Потом мне сказал трезвый Сева-фотограф, что китаянка была охуительная, что я не ошибся, и что он – Сева, будучи с женой, все-таки рассчитывал к ней подколоться, но когда он собирался сделать это, он увидел, что я уже лежу, заметьте, лежу с ней, целую ее, обнимаю и что-то говорю, едва ли не делаю с ней любовь при всех.
– А как она на это реагировала? – спросил я Севу.
– Она лежала, ей, конечно, было неудобно, вокруг толпа людей, но видно было, что ей приятно, она хихикала. Ее выгнала Розанн, Розанн даже плакала от злости. Когда имеешь такую подругу, не приглашай ее, – философски закончил Сева.

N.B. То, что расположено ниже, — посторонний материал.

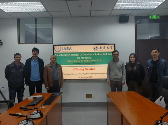 11月10日下午,在MG摆脱游戏国家核应急宣传和培训基地会议室举行了该培训活动的闭幕会。会上,肖德涛教授对此次培训访问活动进行了总结。他指出,为期4周的培训按照日程完成了预定的培训内容,希望此次培训能够使两位学员对氡的特性和测量有进一步的认识,能够为蒙古国关于氡的国家计划起到一定的帮助作用,后续可随时为两位学员提供相应的技术咨询服务。随后,Ganbolor Naranbaatar女士和Bayanjargal Unenbat先生对参与此次培训活动并提供帮助的老师表示了衷心的感谢,在为期4周的培训期间系统性的学习到了氡的相关知识,掌握了相关的实验方法,为帮助蒙古国建立相关的规章制度以及实验能力奠定了良好的理论和技术基础,希望后续MG摆脱游戏能持续为其提供技术支持。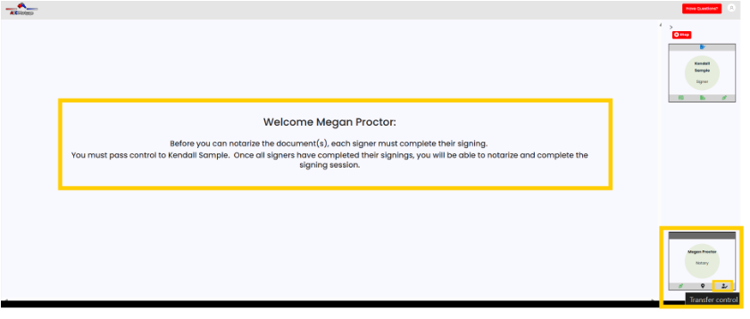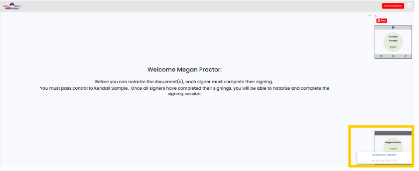 the notary's window (bottom,) the bottom right icon will allow the notary to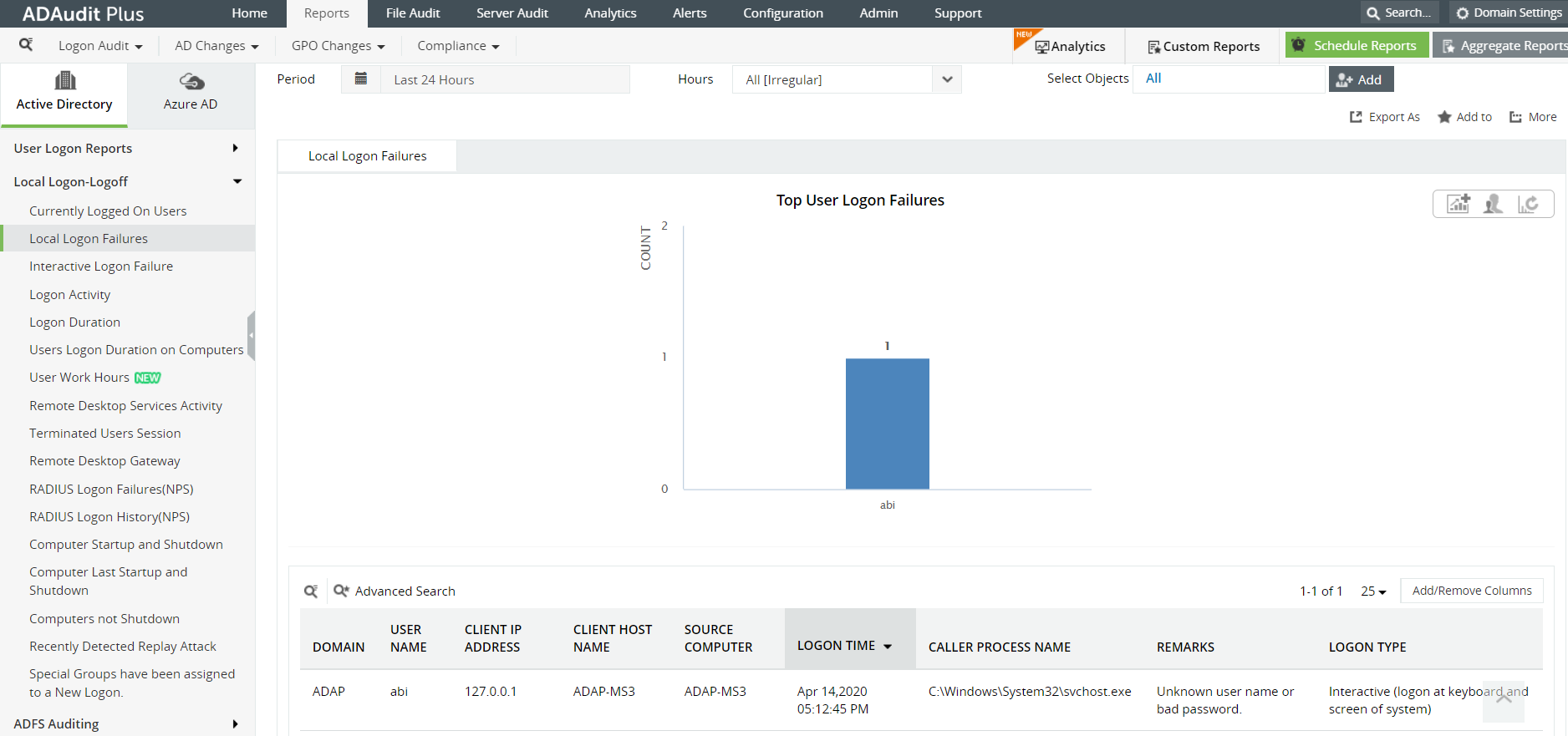 - I registri di protezione comprendono numerosi eventi come le modifiche a file o oggetti AD, i tentativi di accesso o disconnessione non riusciti e le variazioni delle autorizzazioni. Accedere alla console web di ADAudit Plus usando le credenziali di amministratore.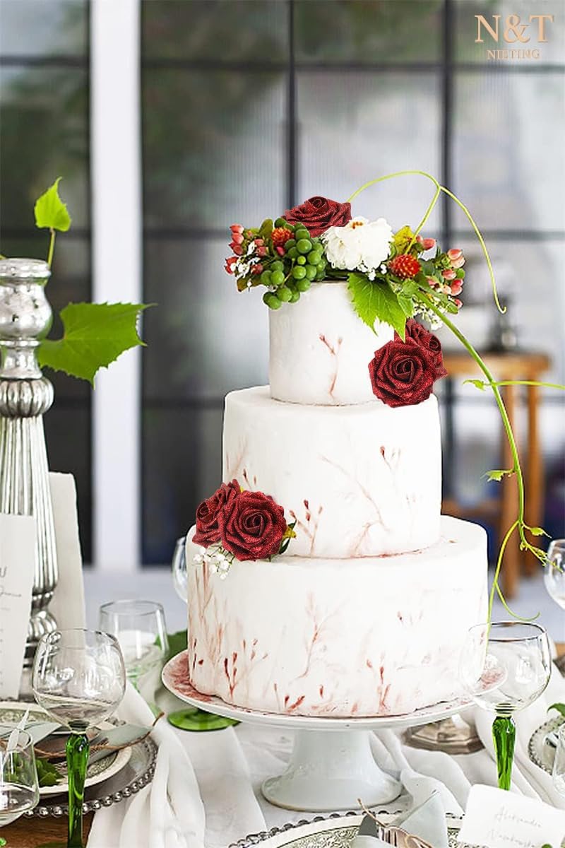 N&T NIETING Artificial Flowers Glowing Red Flowers Foam 50pcs Glitter Roses Real Looking Fake Roses with Stem for DIY Wedding Bouquets Centerpieces Bridal Shower Party Mother's Day Home Decorations

Сева сообщил мне все это потом. Но и в то утро мне было ясно, что я делал с Лилей. Я знал себя хорошо.
– Да ты нервничал, потому что я не обращала на тебя внимания, – уговаривала себя Розанн. Я же стал погружаться в дремоту, собирающуюся перейти в сладкий сон. Вы думаете, я заснул? Хуя. Она не дала мне спать. Ее вывезенная из Германии любовь к порядку призывала ее убрать квартиру. Так как я был в доме, нужно было меня использовать. Меня впоследствии удивляла ее способность использовать меня и, очевидно, всех. Если я уходил от нее даже после любви, даже в два часа ночи, она не забывала вручить мне пакет с мусором, который мне следовало сунуть по пути в мусоропровод. Если я приходил к ней загорать, она всегда придумывала мне работу – то я должен был помогать ей пересаживать цветок, то появлялось другое столь же неотложное дело…
И в то утро она не дала мне спать. Вместо того, чтобы лежать, спать, просыпаться и любить друг друга, – мы как-никак стали любовниками в эту ночь, – я вынужден был, покачиваясь от усталости, и чуть ли не руками поддерживая веки, чтобы глаза не закрывались, переползти в гостиную. Потом мы, как сонные мухи, она злая муха и раздраженная, а я несчастная муха, подчиняющаяся чужой воле, завтракали на веранде.
Все было в малых количествах, но сервировано. Я предпочел бы есть без тарелок, но побольше. Она что-то ворчала и чуть не плакала, и все время ходила к телефону, долго разговаривала, не забывала она сообщить и о том, что вчера у нее было парти и русские были очень пьяные.
Я пил из большой бутыли вино, голову ломило от солнца. На столе лежал яркокрасный вскрытый помидор, слегка дул ветерок, было, казалось, все для того, чтобы иметь хорошее настроение и счастье, если бы не Розанна. Я пил вино, его принесли так много, что запас его остался на месяц, она всем сказала, чтобы принесли вино, все и принесли послушно.
Я выпил три стакана калифорнийского шабли из галлоновой бутыли, ужасное дерьмо, надо вам сказать, я бы предпочел бутылку божоле, я видел, там у Розанн пять или семь бутылок хорошего вина осталось, зачем пить дерьмо, если можно пить хорошее вино. Но она мне не предложила, а мне не хотелось заводить с ней, раздраженной, разговор о вине, она бы и не поняла. Впоследствии она всегда давала мне плохое вино, хотя рядом лежало хорошее – французское или испанское.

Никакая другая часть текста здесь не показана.